Complaining When You're Commenting
REAL ISSUE: ‘I’m just making casual conversation!’
‘nor complain, as some of them also complained, and were destroyed by the destroyer.’ I Corinthians 10:10
RESEARCH AND STUDY
Do you realize how often people complain in casual conversation? Remember, complaining means to protest, whine, find fault, nitpick, nag, object, and criticize. But you can be engaging in small talk and someone will comment about how hot it is. Ask someone how they’re doing and you’ll get a litany of ailments. Compliment someone and they’ll tell you how inexpensive the item you just complimented really is. Let’s not even bring up President Obama and the economy. The common denominator in each example – complaining. You may not have intentionally set out to complain, but by your casual conversation you ended up there.

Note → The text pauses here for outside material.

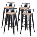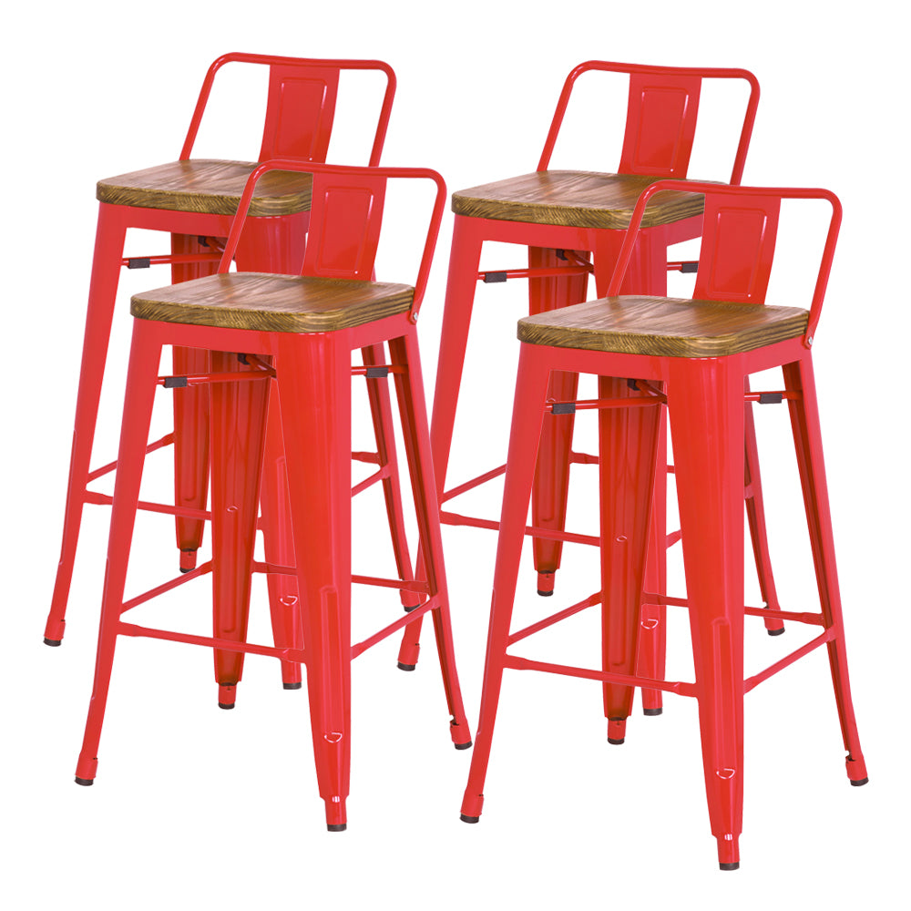 - Feature 1: Popular 30" bistro and café style metal bar stool with Pine Wood seat. Featuring X-brace seat support and stretcher foot rest bar for stability and sturdiness, rubber feet on all legs for slipping and floor scratching prevention. Indoor use only.
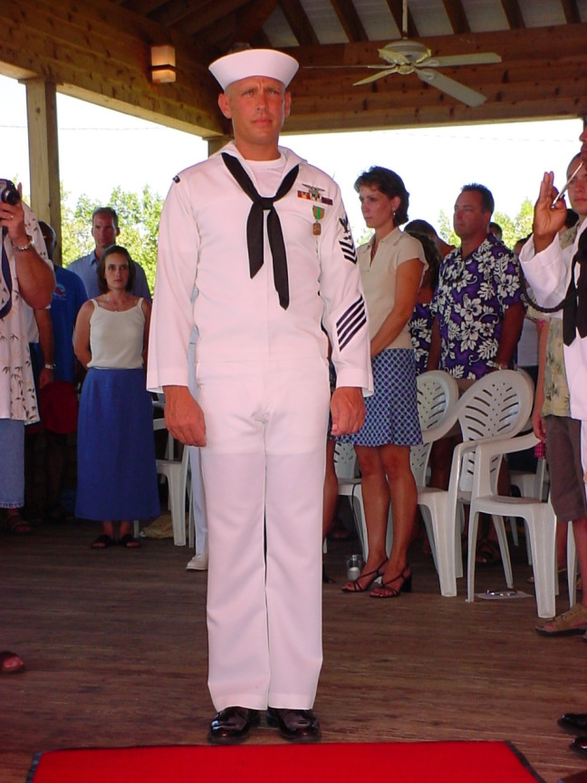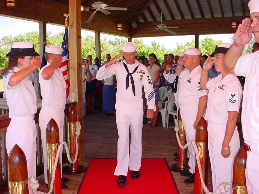 This is the exact moment my Navy career on active duty ended. You can see the boatswains mate blowing the boatswains whistle in the background to pipe me ashore. As I walk down the red carpet, that signifies walking down the gangway and going ashore at the end of a career. I think it should be noted that those 6 guys and gals lining the path were some of my best friends in the Navy and we worked side by side through thick and thin. We donated a lot of blood, sweat and tears over the years and we probably spent more time together, away from home than we did with our families.The picture doesn’t show that.

Or let’s use another example of commenting when you’re actually complaining. Say for instance a man is unattractive. The object of his affection commented to her friends he was so ugly that he looked like a backyard frog. What she said – was it a complaint or a comment? If you answered both, you’re correct. We learned in our last issue that another definition of complaining means to curse and when you curse you are saying something bad about someone. So you see her comment while having a casual conversation with her friends was actually a complaint.
Others complain or speak bad about people or situations because they feel that by doing so they’re telling it like it is. True, but that doesn’t make it right or that you were suppose to tell anything at all. God once told me to keep my penetrating observations to myself. Remember when our parents told us that ‘if you don’t have anything nice to say, don’t say anything at all’ – that’s sound advice.
Once again, 1 Corinthians 10:10 says, ‘…some of them complained and were destroyed by the destroyer.’ Remember, destroy means to lose. So let me ask you a question. If you knew that every comment, fly remark, or witty repertoire you took part in would result in you actually losing something, would you say it? Yeah, you might but know your verbal assaults will cost you something.
Listen to yourself, I mean really listen. Pay attention to how much of your day is spent casually commenting. Ask yourself, ‘will these conversations cause me to lose something?’ If so, ask God to forgive you and ask Him for grace for your casual conversations.
Enlist your relatives, friends, and co-workers. Take up a collection every time one of you complains. The person with the fewest occurrences wins!